BY Morgan Falconer in Reviews | 17 MAR 06
Featured in
Issue 97

Robert Malaval

BY Morgan Falconer in Reviews | 17 MAR 06

For their penultimate show as directors of the Palais de Tokyo, Nicolas Bourriaud and Jérôme Sans chose to mount the institution’s first historical survey exhibition and to resurrect the career of the late French artist Robert Malaval. What will most likely be remembered after all this, apart from the fact that Malaval achieved so many terrific stylistic somersaults, is the work that first excited French audiences over 40 years ago: his ‘Aliment Blanc’ (White Foodstuff, 1961–6) series. It is as if he was the zoologist of a sometimes comic, sometimes threatening, organism that had emerged out of a plate of fromage blanc, penetrated everything and threatened to conquer the world. In the relief sculpture How Do You Do? (1961) it’s a papier mâché-like sludge roaring out of the mouth of a stove. In the chilling Aliment Blanc Cultivable: Femme Assise (Cultivatable White Foodstuff: Seated Woman, 1964) it’s a waxy slime emanating from candles that have melted the head of a woman in a wheelchair. And in another extraordinary series it’s the subject of densely packed, often diagrammatic Robert Crumb-like cartoon drawings which speculate on the lifespan of the organism in more detail, while it occasionally bursts out of orifices and coalesces into bogeymen.

So captivating is ‘Aliment Blanc’ that it was disappointing to read the biographical sketch in the catalogue and discover how, during these years of his greatest success, Malaval embellished his persona with so many gimmicks: only wearing white, only eating white, plastering a friend’s apartment in toothpaste. In fact, after being convinced of Malaval’s talent, it’s disappointing to read almost any of his biography, as the moment he found success he left his wife and children and just seems to have lived faster and more recklessly until he committed suicide in 1980. One can scour his life to find a rationale for this excess, but ultimately it seems that what he suffered from was simply – in the well-chosen words of his friend Jean-François Bizot – ‘a prolonged adolescence’.

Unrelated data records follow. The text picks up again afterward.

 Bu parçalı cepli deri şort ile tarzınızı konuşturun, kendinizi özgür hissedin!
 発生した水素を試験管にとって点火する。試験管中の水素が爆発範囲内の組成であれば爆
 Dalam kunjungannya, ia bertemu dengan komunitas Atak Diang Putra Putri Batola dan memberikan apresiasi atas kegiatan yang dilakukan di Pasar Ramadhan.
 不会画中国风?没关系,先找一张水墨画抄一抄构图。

Malaval was born in Nice in 1937 and, although he left the city in 1956, he has sometimes been thought of as part of the School of Nice, the not so helpful appellation that binds Martial Raysse, Arman, Ben and Yves Klein. But Malaval was simply too egoistical for groups, and, perhaps because he never trained as an artist, he seems always to have thought about art instinctively rather than strategically; nevertheless, he was undoubtedly a Pop artist – as much as any of those Niçois were. The emphatically flat pastel paintings he produced in the early 1970s are candyfloss Henri Matisses: Tutti-frutti (1973) is a dizzy, ditzy grid of pink, blue, yellow and green dots; Fraise et Pistache (Strawberry and Pistachio, 1973) might have been retrospectively named after the ice-cream blobs of colour in the centre of the similarly dotted abstract design. They seem empty, consciously stupid paintings, and while the selection that Sans and Bourriaud also hung at the Lyon Biennale weren’t so appealing, they probably had a lovely frisson of satire back in the day.

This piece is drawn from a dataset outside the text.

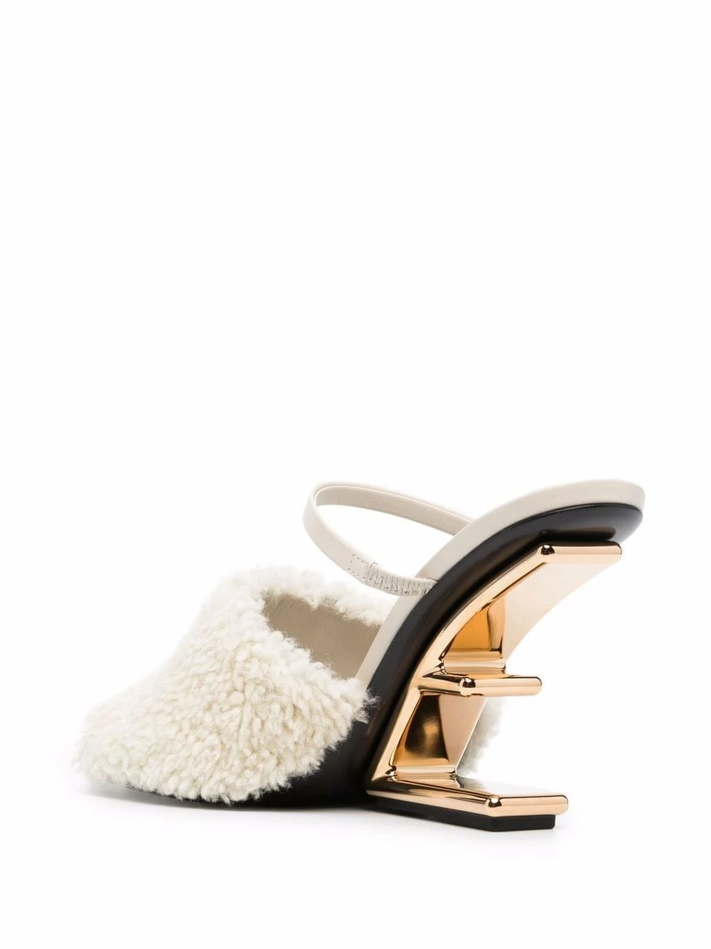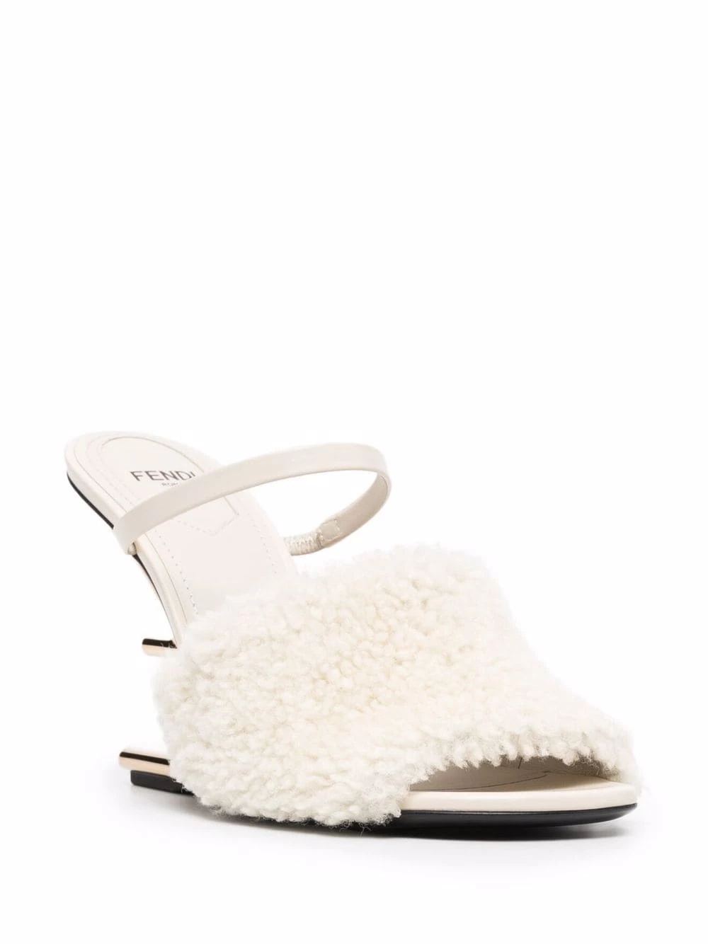 Showcasing Fendi’s creative approach, these sandals stand out thanks to unexpected shearling detailing. The unpredictable design continues with a sculptural gold-tone heel in the shape of an ‘F’.
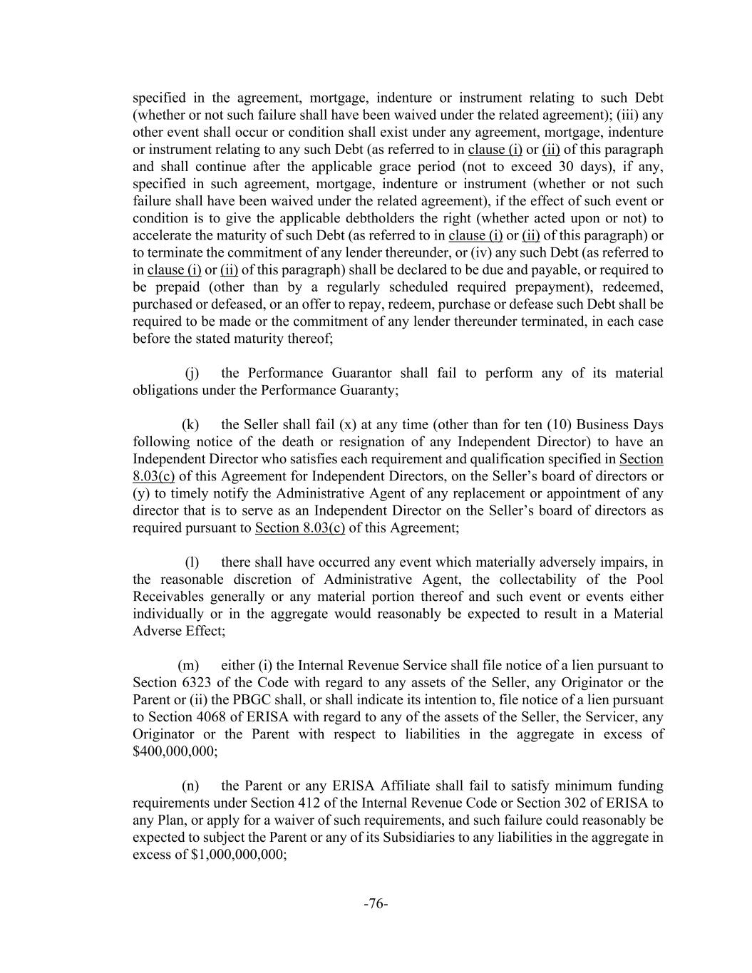 -76- specified in the agreement, mortgage, indenture or instrument relating to such Debt (whether or not such failure shall have been waived under the related agreement); (iii) any other event shall occur or condition shall exist under any agreement, mortgage, indenture or instrument relating to any such Debt (as referred to in clause (i) or (ii) of this paragraph and shall continue after the applicable grace period (not to exceed 30 days), if any, specified in such agreement, mortgage, indenture or instrument (whether or not such failure shall have been waived under the related agreement), if the effect of such event or condition is to give the applicable debtholders the right (whether acted upon or not) to accelerate the maturity of such Debt (as referred to in clause (i) or (ii) of this paragraph) or to terminate the commitment of any lender thereunder, or (iv) any such Debt (as referred to in clause (i) or (ii) of this paragraph) shall be declared to be due and payable, or required to be prepaid (other than by a regularly scheduled required prepayment), redeemed, purchased or defeased, or an offer to repay, redeem, purchase or defease such Debt shall be required to be made or the commitment of any lender thereunder terminated, in each case before the stated maturity thereof; (j) the Performance Guarantor shall fail to perform any of its material obligations under the Performance Guaranty; (k) the Seller shall fail (x) at any time (other than for ten (10) Business Days following notice of the death or resignation of any Independent Director) to have an Independent Director who satisfies each requirement and qualification specified in Section 8.03(c) of this Agreement for Independent Directors, on the Seller’s board of directors or (y) to timely notify the Administrative Agent of any replacement or appointment of any director that is to serve as an Independent Director on the Seller’s board of directors as required pursuant to Section 8.03(c) of this Agreement; (l) there shall have occurred any event which materially adversely impairs, in the reasonable discretion of Administrative Agent, the collectability of the Pool Receivables generally or any material portion thereof and such event or events either individually or in the aggregate would reasonably be expected to result in a Material Adverse Effect; (m) either (i) the Internal Revenue Service shall file notice of a lien pursuant to Section 6323 of the Code with regard to any assets of the Seller, any Originator or the Parent or (ii) the PBGC shall, or shall indicate its intention to, file notice of a lien pursuant to Section 4068 of ERISA with regard to any of the assets of the Seller, the Servicer, any Originator or the Parent with respect to liabilities in the aggregate in excess of $400,000,000; (n) the Parent or any ERISA Affiliate shall fail to satisfy minimum funding requirements under Section 412 of the Internal Revenue Code or Section 302 of ERISA to any Plan, or apply for a waiver of such requirements, and such failure could reasonably be expected to subject the Parent or any of its Subsidiaries to any liabilities in the aggregate in excess of $1,000,000,000;

In the 1970s Malaval increasingly wanted his art to give the same ephemeral pleasures as he got from Pop culture; just another ambient distraction. For one show at CNAC in Paris in 1971 he built a series of rooms filled with juke-boxes, pinball machines and light projections, piping in music and sounds that he had recorded from nature. Soon after, when Rock music became important to him (there was a slightly silly obsession with the Rolling Stones, which issued in some prints and, on a personal front, a rock ‘n’ roll image change which went along with increased boozing), he started to paint with glitter and produced his last great pictures. Niagara Gold (1975) has broad stokes of gold glitter cascading over a purple ground; Banzäi II (1977) is a black pyramid silhouetted against a violently silvery sky; Sang Viennois (Viennese Blood, 1977) is a proudly frivolous purple canvas which seems to be filled with burning debris spilling from the gold flames at the corners. They anticipate the monumentality and machismo of 1980s’ painting yet, despite being laden with emotion, they’re light enough to undermine it. That Malaval was still painting these startling pictures in his last days is sad; they brought him little success. But he was, as the title of the show, ‘Kamikaze’, suggested, fast and determined to the end.